If the neckline is broken, the textbook says sharply lower prices would be expected straightaway with some downside targets as low as $3.70. We will be watching momentum indicators especially close as we near the $4.20 1/2 corrective low for any sign the downtrend is slowing or possibly getting ready to reverse. At the moment, the stochastic measure of momentum is headed swiftly lower with no signs of divergence.

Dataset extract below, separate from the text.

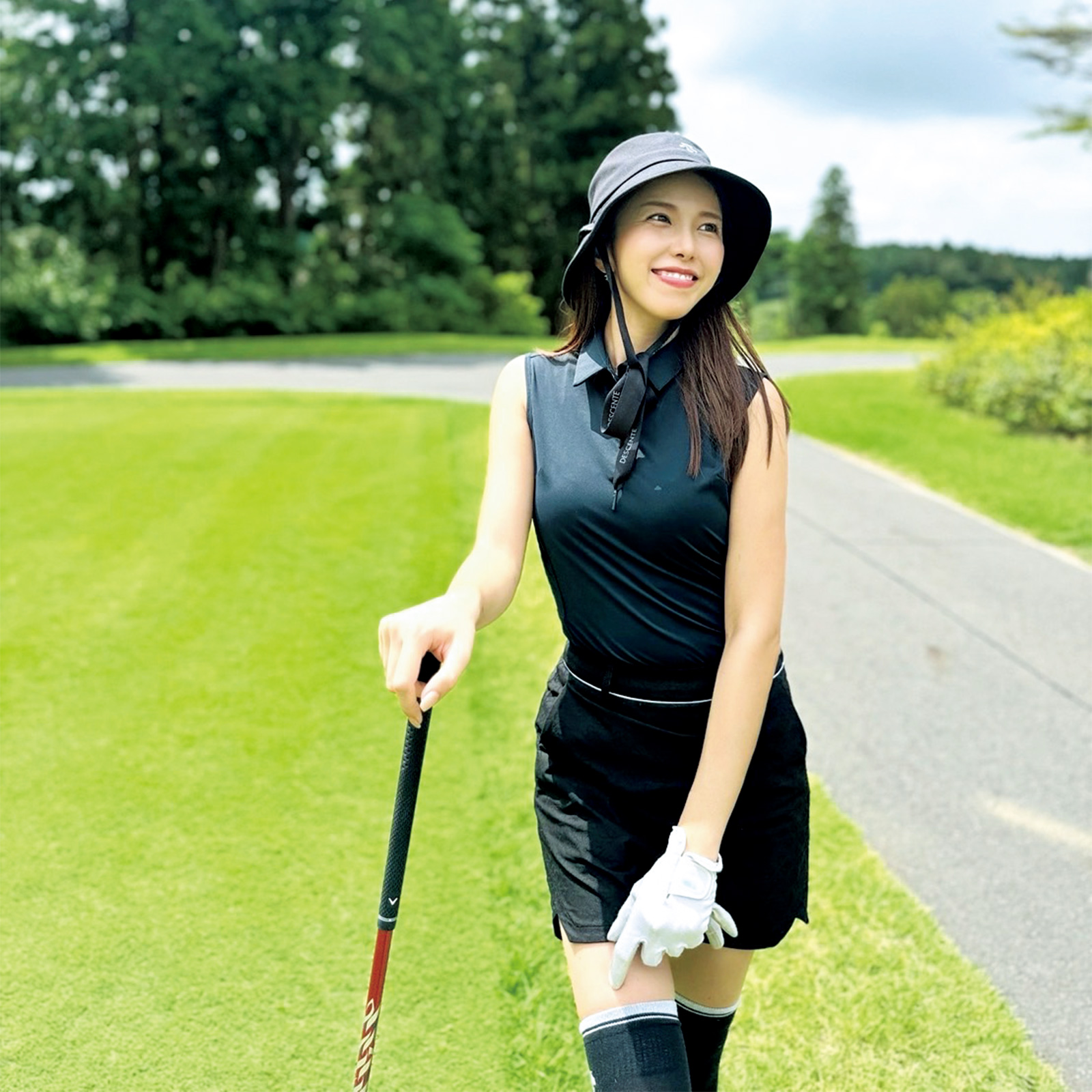 月に3〜4回はラウンド。自然の中で日差しを浴びる心地よさを楽しみながら、シミ対策をするのがモットー。日傘と帽子をフル活用。

As one might imagine, the technical setup in ethanol prices is very similar to that of corn with a loose head-and-shoulders pattern portending lower prices. After the rally to $1.602 on July 15, spot ethanol prices have given back over 8.0% of their value with price having pushed below the 50-day moving average for the first time since mid-May. The 100-day moving average is below at $1.416 and the 200-day at $1.349. The 100-day moving average resting at $1.416 is an interesting level considering the 100% Fibonacci progression of the $1.645 to $1.461 sell-off from the $1.602 corrective high on July 15 measures $1.418. We would expect this level to provide some decent support, although one should never count on derived levels like those from Fibonacci progressions/retracements or moving averages to stand in the way of a healthy downtrend. Momentum indicators are not suggesting anything in the way of a divergence at this time.
Sticking with the corn theme, feeder cattle prices have traded in somewhat of an inverse to corn the last two months, as would be expected. With corn putting forth a head-and-shoulders pattern, feeder cattle have somewhat of an inverted head-and-shoulders pattern. To be clear, it is not a textbook pattern, nor does it have to be.
After bottoming on June 24, August feeder prices have trended mostly higher and back above the 50-day moving average. That rally attempt was stopped right at the 38.2% retracement level of the $161.40 to $130.95 sell-off at $142.58. The weaker trade since hitting that retracement has flattened all momentum indicators as those trend lower with price. We will be watching any recovery attempt to see if the July 11 corrective high is taken out and whether it is done with higher highs or lower highs on momentum indicators. If price is able to take out the July 11 corrective highs, but does so on lower highs in momentum, we would have a classic bearish divergence in momentum and a sign this market is not meant for higher prices. As is usually the case, corn prices should have a lot to say about feeder cattle prices in the coming weeks.